Our data are largely managed to unravel the longitudinal progress of empowerment and the outcomes of villages, informed by a wide variety of in-depth, participatory action research. All evidence was transcribed verbatim manually. The researchers conducted a thorough examination of the gathered information to verify its veracity after the collection of interview data. The information was classified into different thematic categories, which were further explained in the section of the paper dedicated to presenting the study findings.
Poverty and the Tragedy of the Commons in the Past in Nglanggeran
Nglanggeran village (700 metres above sea level) is an ancient volcano-based land formed around 0.6–70 million years ago, which has a tertiary age and very typical rocks dominated by volcanic agglomerates and breccias.
The village has a population of 2,680, down from 2,726 in 2008. The village website shows the figure to have declined again to 2,621 people or 820 households in 2018. The decline is not significant and is closely related to urbanisation for a better livelihood, inter alia.

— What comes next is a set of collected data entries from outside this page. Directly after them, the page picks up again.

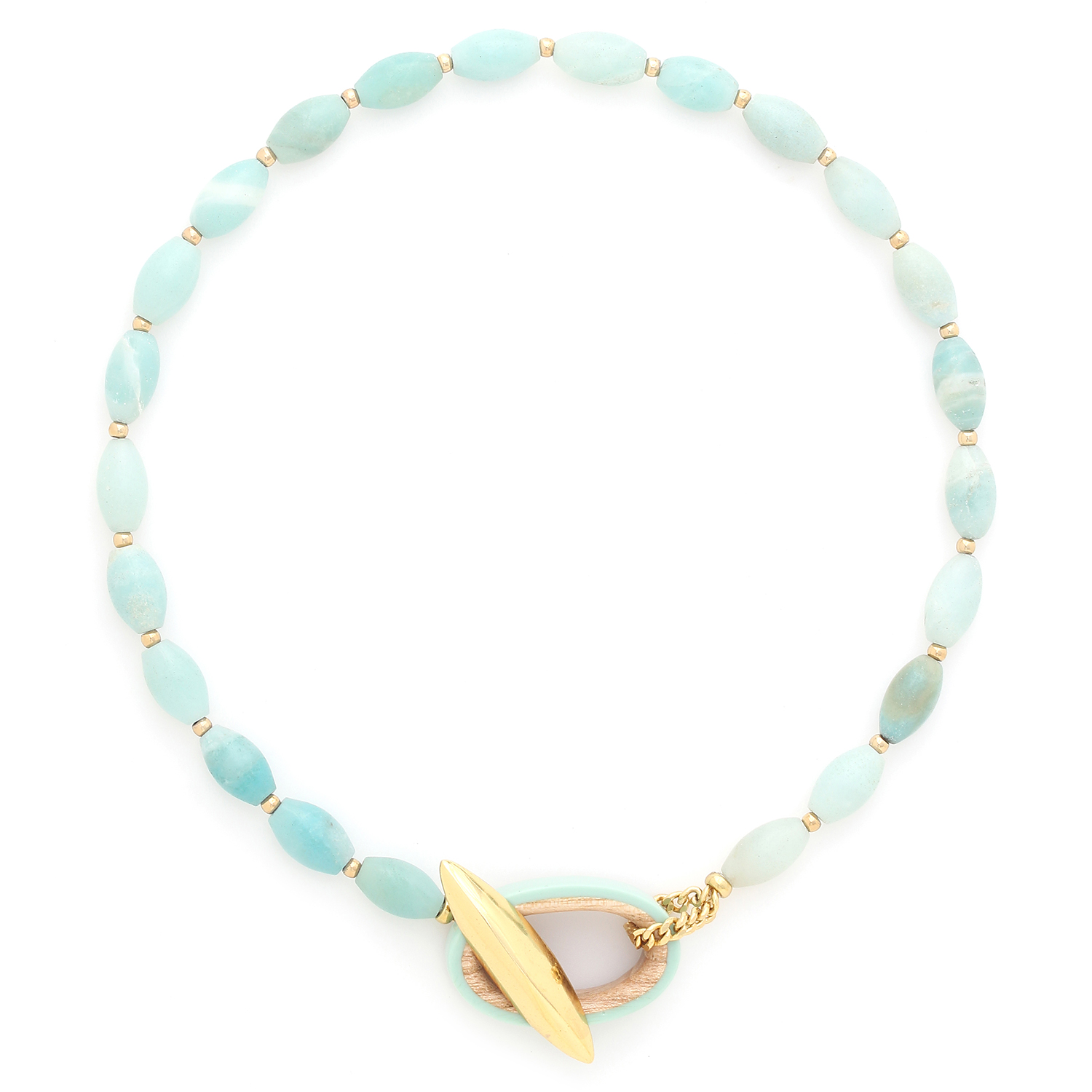 ფრანგული ბრენდი Nature Bijoux ს ხელნაკეთი ყელსაბამი, კოლექციიდან MISSISSIPPI. სამკაულის ბაზად გამოყენებულია თითბერი, კოლექციაში გამოყენებული ნატურალური მასალები და ქვები: ამაზონიტი, დამუშავებული ბამბის ძაფი, ნაცრის ხე (ზეთისხილისა და იასამნისებრთა ოჯახი), თითბერი, კალის შენადნობი.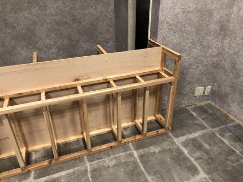 夜間作業初日は思った以上に作業が進み大工さんもホッと一息(^^)什器2台が完成…今日の夜間で半分が終わる計算で…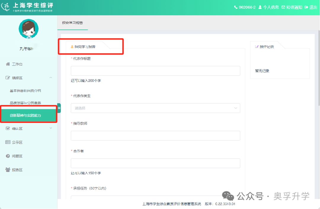 ②初中学生在初中阶段记录1篇最具代表性的探究学习报告、科学实验报告、社会考察报告或创新作品说明,四类中只要选择记录一项即可。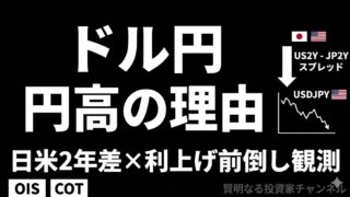 ドル円が円高に振れた背景を、日米2年金利差の縮小トレンドと「日銀利上げ前倒し観測(OIS)」、さらにCOTの円ショート偏りから整理。金利差は依然大きいのに円が買われた理由と、次に見るチェックポイントを解説します。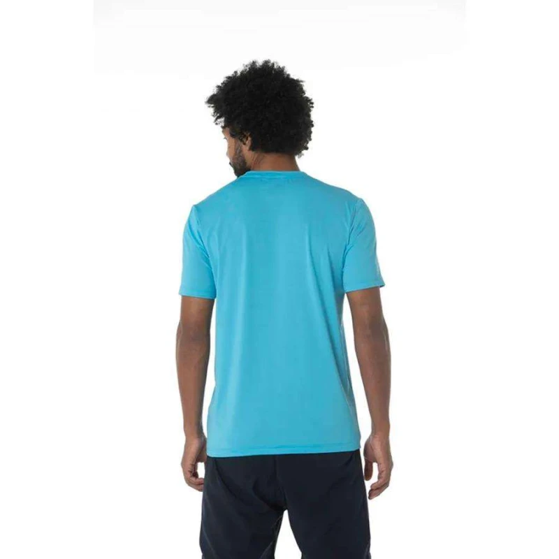 Camiseta feita em malha de poliéster com elastano texturizada.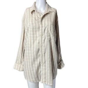 Van Heusen Plaid Short Sleeve Button Down Shirt Beige Medium
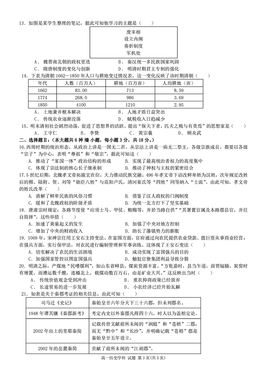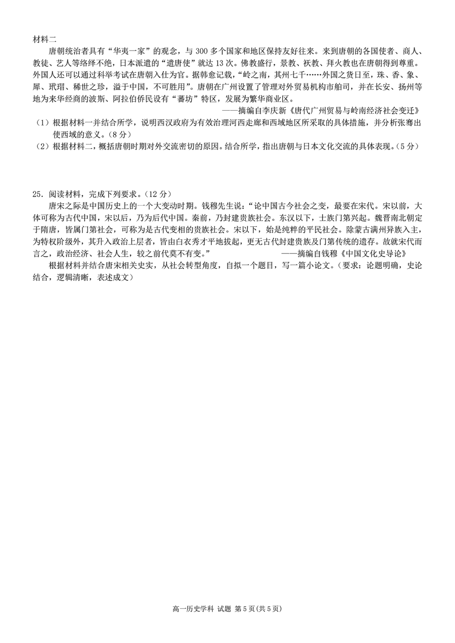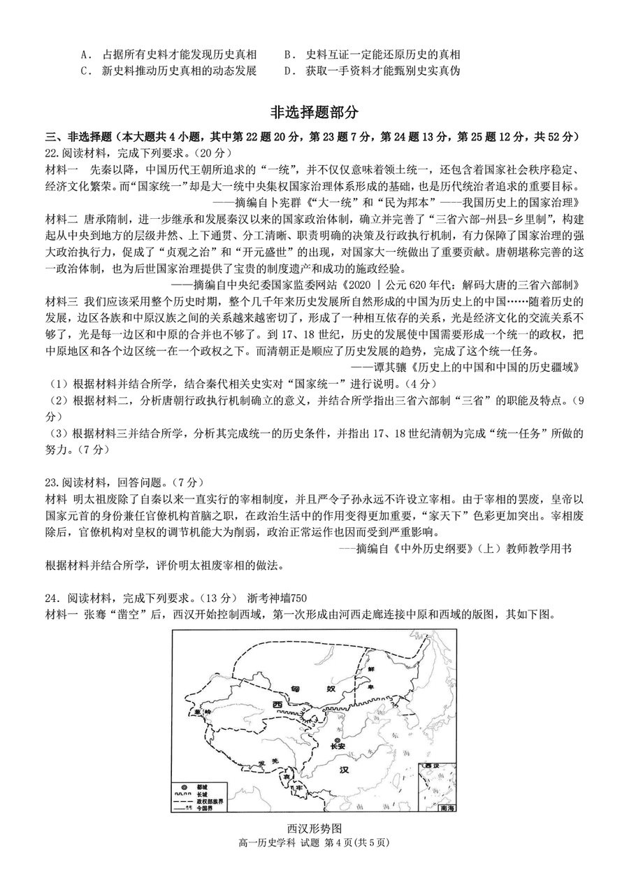 嘉兴八校2024-2025学年高一期中历史试题及答案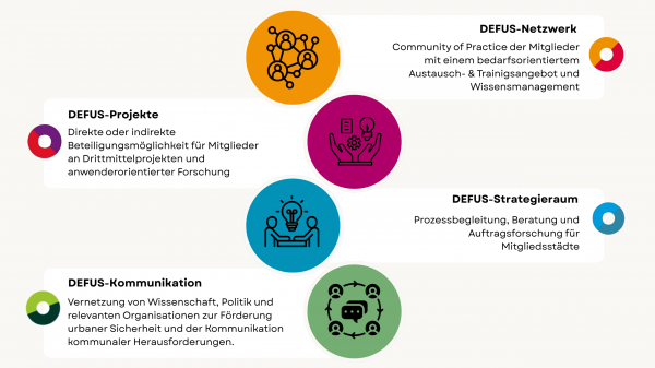 - Projektarbeit: DEFUS beteiligt sich an nationalen und europäischen Praxis- und Forschungsprojekten und erleichtert auch seinen Mitgliedern den Zugang zu Fördermitteln. An der Schnittstelle zwischen Praxis uns Wissenschaft vermittelt DEFUS kommunale Bedarfe in die Sicherheitsforschung und wissenschaftliche Erkenntnisse in die Kommunalverwaltungen. Ein zentrales Anliegen ist es, dass Sicherheitsforschung so anwenderorientiert wie möglich zu gestalten.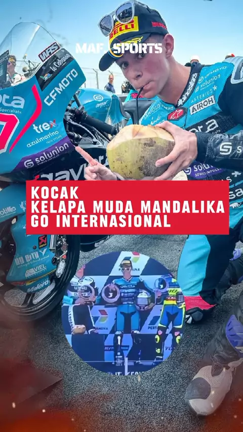 kocak, juara moto3 mandalika, David Alonso bawak kelapa muda ke podium. #moto3 #sirkuitmandalika #trendsports #snacksports #motogp

Certain agricultural occupations, such as farmer and peasant, are regarded as low-potential professions, particularly among young people. Similarly, the agriculture sector nowadays is similarly regarded as less auspicious for enhancing welfare. Comparing the labour force and livelihood data for the two years is an intriguing exercise (Table 1). Of the total workforce, if the number of people engaged in agriculture in 2008 was 1,407 consisting of 678 farmers, 678 peasants and 51 farm labourers, by 2015, the number had come down to 841 farmers, 7 peasants and no farm labourers at all. In 2015, though the number of farmers shows an increase to 841 when the total number of engaged in agriculture (848) is considered, there is a reduction of 40% from the 2008 figure of 1,407.
Comparing Different Livelihoods in a Monograph 2008 and 2015.
The agricultural sector’s failure to adequately meet the economic requirements of its dependents is compelling them to transition to alternative sectors, such as seeking employment outside the village through migration. Prima facie, some categories of livelihood not listed in the village monograph in 2008 appeared in 2015. These categories were farmers, breeders, artisans, individuals in the private sector and those without employment.
The predominant agricultural practice among the population is primarily dryland farming. Despite the scarcity of water, rice fields continue to hold significant importance for the community. The rice cultivation area is 27.34 hectares and is cultivated for a duration of one year, specifically during the rainy season. Additional agricultural products comprise ‘palawija’ crops, such as maize, cassava, peanuts and soybeans. Significant fruits such as rambutans, bananas and durian are also cultivated.
Some people also cultivate plantation crops such as cloves and chocolate; however, the quantity is minimal. The primary economic activity in the region is the utilisation of wood resources, including teak, acacia, sandalwood and mahogany, from both community and state forests in the surrounding communities. The community’s wood products are presently utilised as industrial raw materials beyond the village, especially in the adjacent village of Putat.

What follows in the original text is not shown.